Seeds & Discovery in Defender EASM
The challenges of managing the modern external attack surface are everyone’s challenge. While most security teams focus on the internal systems and Cloud environments, the external attack surface is exposed to the attackers with no interruptions.
The first and second articles focused on “EASM” and “Deploy Defender EASM” as part of the Defender EASM Series. The recent article focused on External Attack Surface Management and gave an overview of the approaches, needs, and insights about EASM. More information is on the link below.
This post focuses on the first step in Defender EASM and digs into Discovery and Seeds.
Attack Surface Mode
After installing and running Defender EASM, we should start the main actions. The real work is to find out where our data is, what the existing data is, the relationships between the pieces of information, and the meanings of each data. Then we will get the complete picture of the data, possible exposures, and security gaps.
At this point, and after Defender EASM is created, we land in the Defender EASM Overview console. The console shows a general view with the option to “Search from a list of pre-built attack surfaces to understand your organization’s internet exposure.” This option is part of the continuous scanning that Microsoft maintains an inventory of internet-facing assets which can be used to discover an organization’s attack surface.

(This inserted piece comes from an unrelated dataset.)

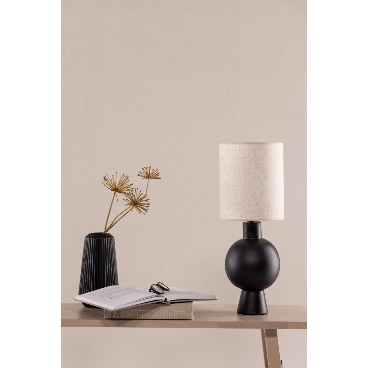 - Kleur: zwart met beige linnen lampenkap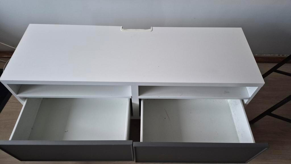 Een nette tv meubel met twee lades. Ideaal voor het opbergen van spullen en het plaatsen van een tv.

The other option on the console, such as Attack Surface Summary, Security Posture, and Discovery, won’t be effective until we create an attack surface.
A brief look at the “Welcome to Microsoft Defender External Attack Surface Management (EASM)!”
While Defender EASM can search for Attack Surface assets in a few ways, we can find the assets based on two general ways:
- Pre-built attack surfaces – Automated
- Custom attack surface – Customize & Automated
Pre-built attack surfaces – Automated
Microsoft has configured the attack surfaces of many organizations, mapping their initial attack surface by discovering infrastructure connected to known assets. It is recommended that all users search for their organization’s attack surface before creating a custom attack surface and running additional discoveries. This lets users quickly access their inventory as Defender EASM refreshes the data, adding additional assets and recent context to your Attack Surface.
At this point, the Discovery will be running in the background. Suppose you selected a pre-configured Attack Surface from the list of available organizations. In that case, you will be redirected to the Dashboard Overview screen, where you can view your organization’s infrastructure insights in Preview Mode. Review these dashboard insights to become familiar with your Attack Surface as you wait for additional assets to be discovered and populated in your inventory.
Suppose you notice any missing assets or have other managed entities that may not be discovered through infrastructure linked to your organization. In that case, you can select to run customized discoveries to detect these outlier assets.
After quick settings of the Pre-built attack, the result with all information surfaces with the AWS information.
Insights & Tips
- The Pre-built attack surfaces are compatible with specific scenarios.
- Discovery groups aren’t editable.
- No option to add seeds.
- A Pre-built attack surface can cover part of the external assets.
- A pre-built attack surface is a quick discovery result.
- You can search for pre-built attack surfaces by company name, company category, domain, etc.
- Once pre-built attack surfaces are assigned, you run on the assets, seeds, and gathered data.
A Discovery point view from a Pre-built attack surfaces settings with Discovery Group, Seeds, and Configuration. As you can see, the Pre-built attack surfaces provide the process with all settings, but you can’t edit this configuration.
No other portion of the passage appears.